How will the Amicus assets change BioMarin's commercial portfolio and pipeline (BMRN)?

The acquisition adds two marketed rare-disease therapies and a Phase 3 asset, expanding rare-disease coverage. According to the company, Galafold and Pombiliti + Opfolda broaden offerings for Fabry and Pompe diseases while DMX-200 advances the kidney disease pipeline.

When will BioMarin (BMRN) update 2026 guidance after the Amicus deal?

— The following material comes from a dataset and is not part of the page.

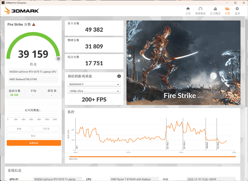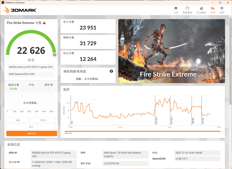 MEOW R16 Pro笔记本搭载的NVIDIA GeForce RTX 5070Ti Laptop显卡,在3Dmark的Time Spy测试中,显卡分数分别为17499和8218。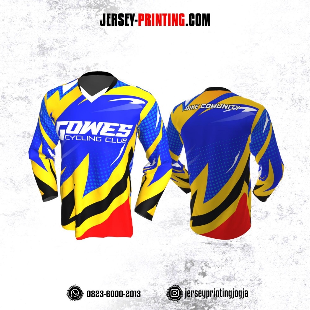 Jersey Gowes Sepeda Biru Kuning Merah Lengan Panjang

BioMarin expects to provide updated FY 2026 guidance on its Q1 earnings call on May 4, 2026. According to the company, the guidance update will reflect the completed acquisition and its expected financial effects.

What regulatory or safety considerations from Amicus products affect BioMarin shareholders (BMRN)?

Galafold's U.S. approval is under accelerated approval and requires confirmatory trials for continued approval. According to the company, Pombiliti carries boxed warnings, infusion risks, and a pregnancy contraindication that could affect clinical use and uptake.

Does the Amicus acquisition include any late-stage investigational drugs for BioMarin (BMRN)?

Yes. The transaction conveys U.S. rights to DMX-200, a potential first-in-class small molecule in Phase 3 for FSGS. According to the company, DMX-200 represents a late-stage pipeline addition targeting a rare kidney disease.